Completar uma maratona não é só alegrias. Dores também fazem parte da prova. E o mais incrível é que, mesmo depois de câimbras e dedos sangrando, o maratonista que acabou uma corrida não pensa duas vezes ao se inscrever em uma próxima.

Segundo reportagem do jornal “New York Times“, o estudo “Memória da dor induzida pelo exercício físico” (em tradução livre) mostra por que alguns maratonistas parecem desenvolver uma amnésia seletiva, esquecendo, depois de algum tempo, quanta dor eles sentiram nos 42km da maratona.

Mas essa lembrança depende de quanto a pessoa aproveitou a experiência. A psicologia explica que a sensação da pessoa durante o momento em que o dano ou a dor acontece, ou seja, o contexto emocional, influencia na sensação de sofrimento. Em geral, a dor associada a uma experiência positiva tende a ser percebida como menos forte do que a que surge de algo não tão prazeroso.

Nossa memória é influenciada pelo significado da dor. Essa foi a conclusão de outro estudo que questionou o grau da dor de mulheres que tinham acabado de dar à luz ou passado por uma cirurgia ginecológica. Logo após a intervenção, o nível de dor em ambos os casos era alto. Seis meses depois, aquelas que tinham passado pela cirurgia disseram que a dor era muito mais alta do que o que tinham relatado logo após a operação, enquanto as que tinham dado à luz acharam que a dor era muito menor –isso para casos de partos normais. As mães que passaram por cesarianas tinham lembranças mais precisas.

O estudo sobre os maratonistas surgiu porque completar uma longa prova de corrida é extenuante, mas também pode ser um momento de alegria intensa. Ou seja, combina dor objetiva com emoção subjetiva.

Para pesquisar isso, o professor de psicologia Przemyslaw Babel, da Jagiellonian University, na Cracóvia (Polônia), autor do estudo, usou um método simples. Ao final da Maratona da Cracóvia, em 2012, pediu que 62 maratonistas dessem uma nota para a intensidade da dor e quão desconfortante ela era naquele momento, assim como seu estado emocional. Os corredores, em geral, classificaram uma intensidade moderada de 5.5 numa escala de 0 a 10.
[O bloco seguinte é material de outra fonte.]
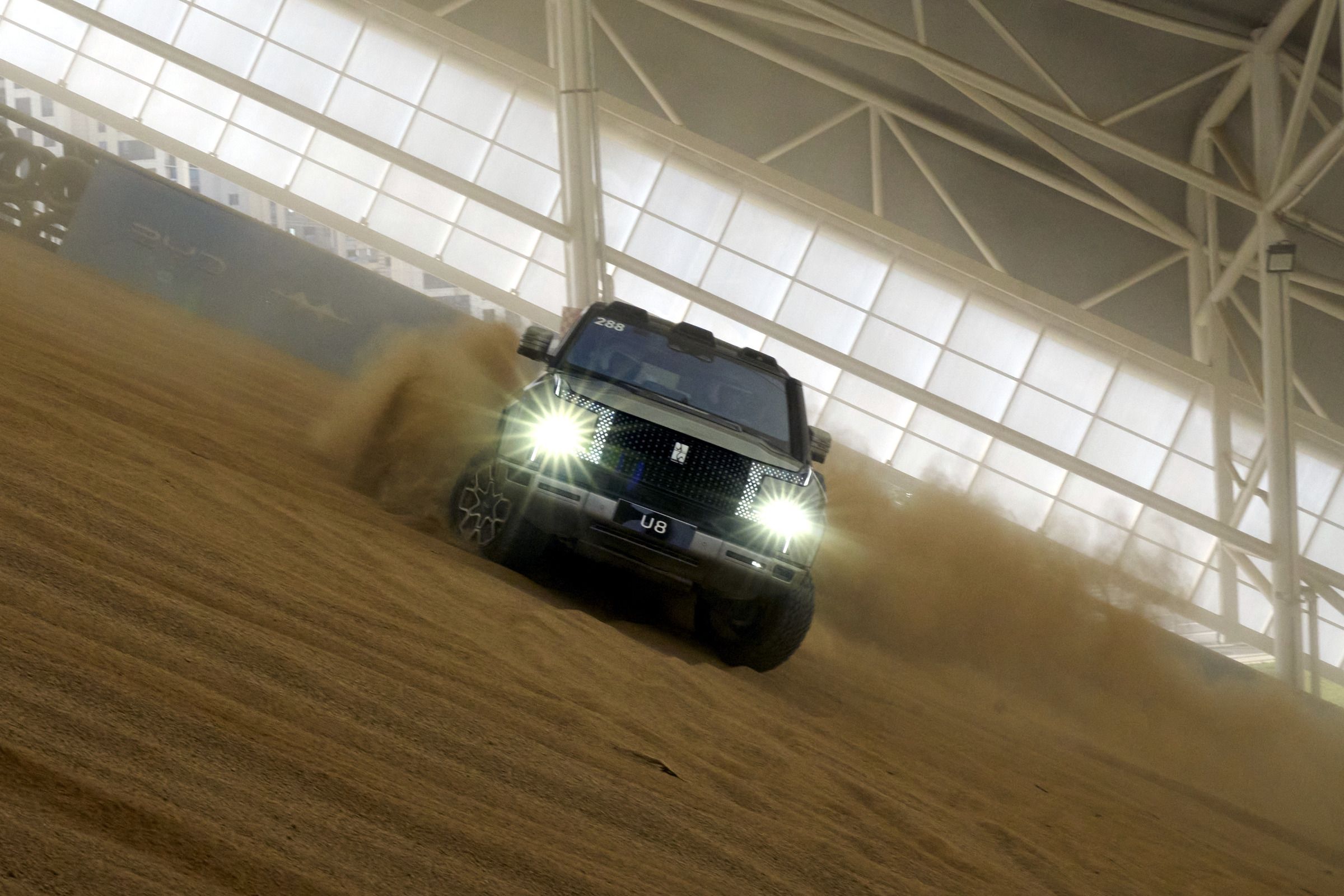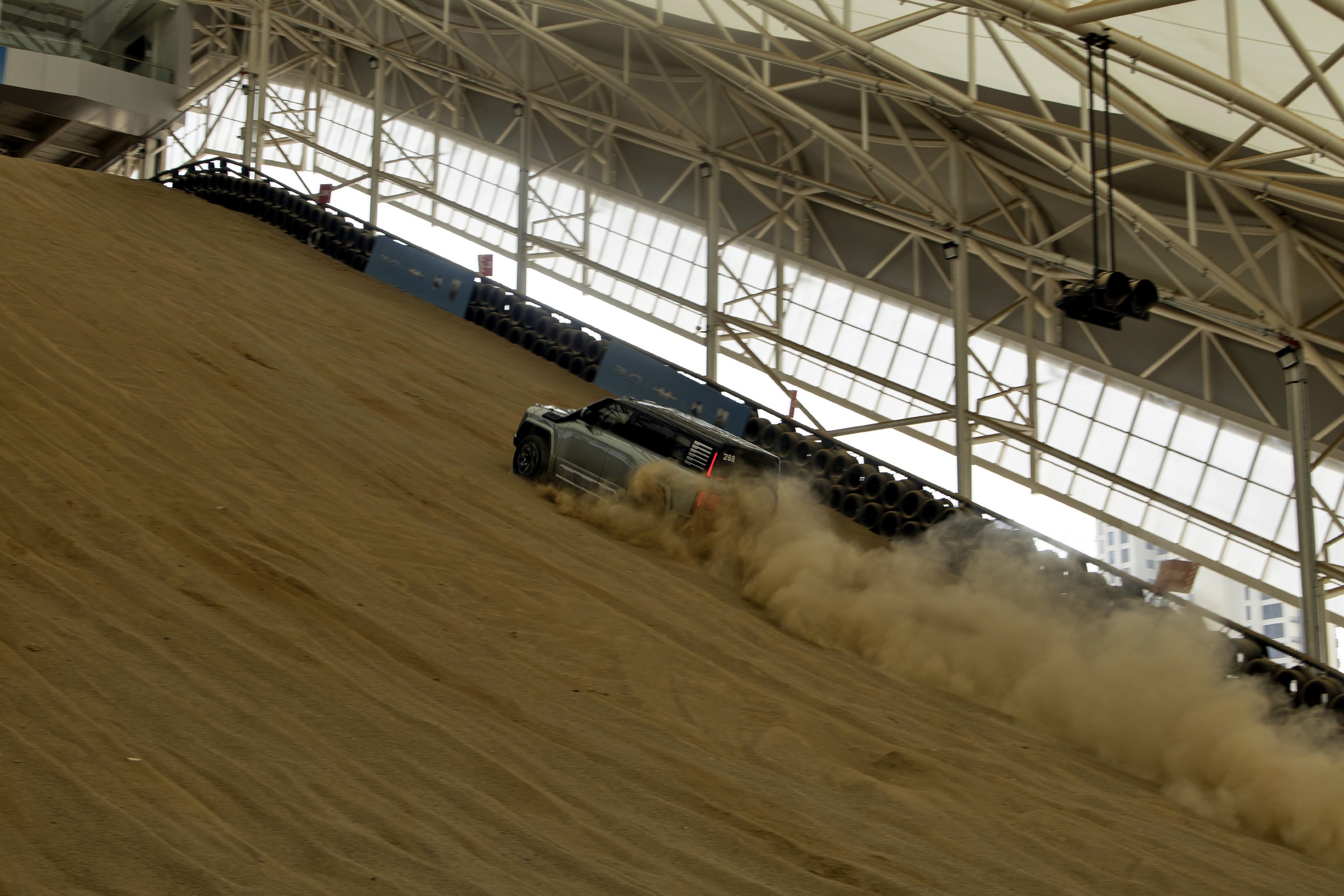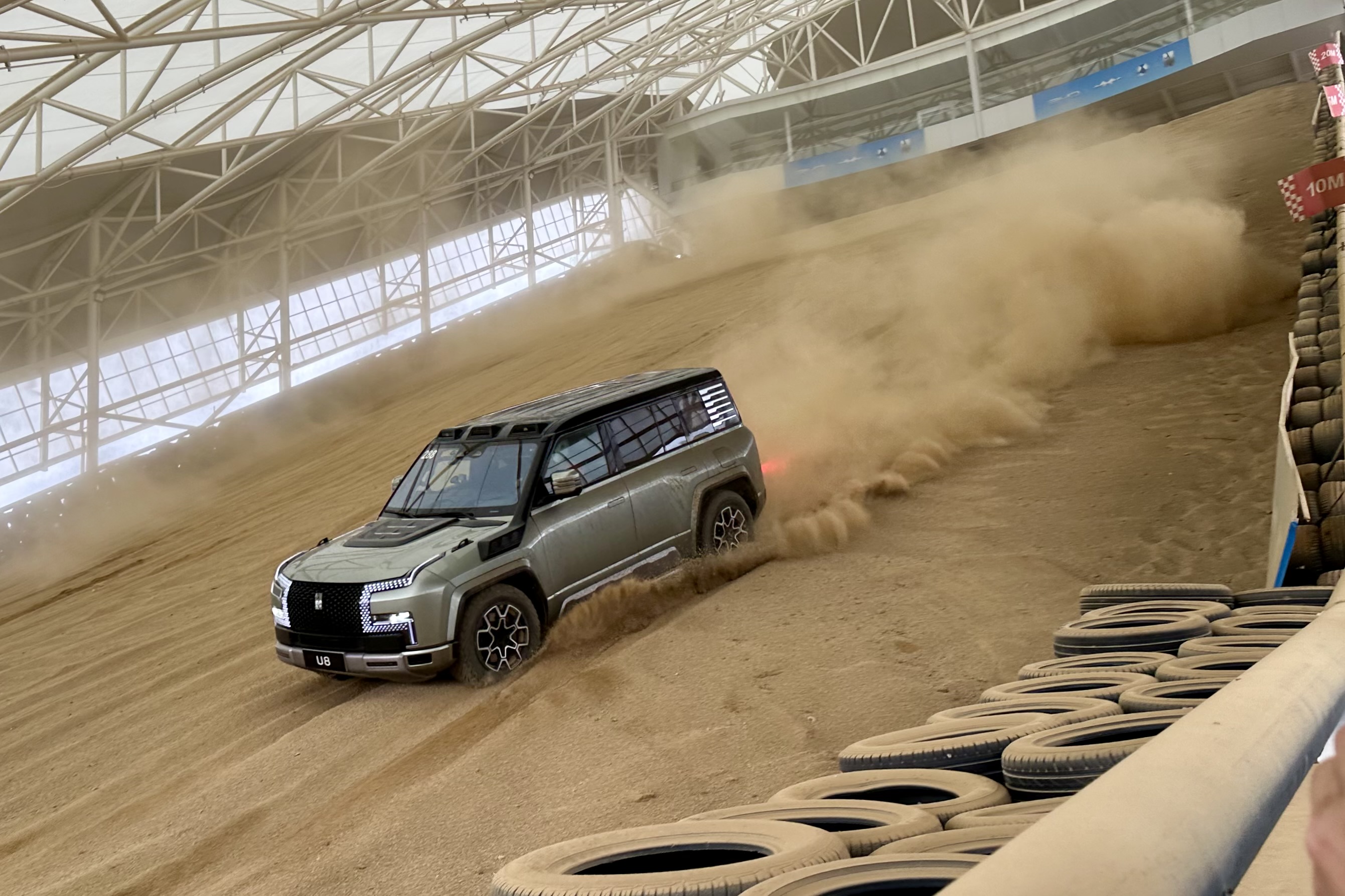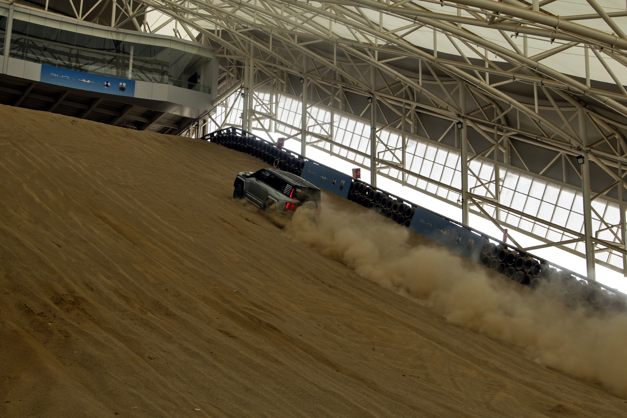 A tesztpályán felhúzott, tetővel fedett homokdűne valódi sivatagi homokból készült, Belső-Mongóliából hozattak több mint 6000 tonnányit. Ez száz vasúti vagonban férne el. A pályát egy méter vastagon terítették be vele, az alaptól a 28 méter magas tetőpontig, melyeket egy 28 fokos lejtő köt össze. Szédítő látvány, a négy (kerekenként egy) villanymotorral szerelt, három híján összesen 1200 lóerős U8 azonban játszi könnyedséggel szaladt fel rá profi kezek közt.
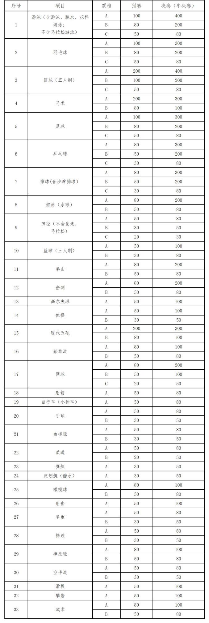 根据十四运会体育比赛门票价格表显示,十四运会田径项目预赛门票分为A、B、C三档,分别为20元、30元、50元,决赛票价为30元、50元、80元;五人制篮球预赛门票分别为50元、100元、200元,决赛为80元、200元、400元;乒乓球预赛门票分别为30元、50元、80元,决赛为80元、200元、300元。整体来讲,各单项体育比赛票价从20元至400元不等,可以说是比较亲民。

Três e seis meses depois foi solicitado aos mesmos corredores que classificassem a dor que sentiram ao final daquela mesma corrida. As memórias se mostraram bem diferentes. O número caiu para 3 numa escala de zero a 10. É interessante ressaltar que os corredores que afirmaram terem se sentido menos felizes na corrida, em geral, lembraram a dor mais precisamente do que aqueles que tiveram mais alegria ao terminar a corrida, mesmo que a dor de ambos tenha sido parecida na primeira descrição.

O estudo foi de curto período e limitado, envolvendo apenas maratonistas e não controlando idade, experiência, saúde em geral, personalidade e outros fatores. Mas as descobertas “ajudam a explicar por que pessoas correm maratonas diversas vezes apesar da dor causada pela experiência física”, afirma o professor.

A amnésia seletiva associada a uma maratona poderia ter uma base evolucionária, o pesquisador afirmou, já que humanos corriam para sobreviver e podem ter precisado desconsiderar alguns dos desconfortos disso.

A pesquisa também sugere que não se divertir pode deixar mais “afiada” a lembrança da dor, o que faz com que ela não seja motivadora. Então, se você quer manter um exercício ou um programa de competição e também esquecer das dores, encontre uma atividade de que você goste.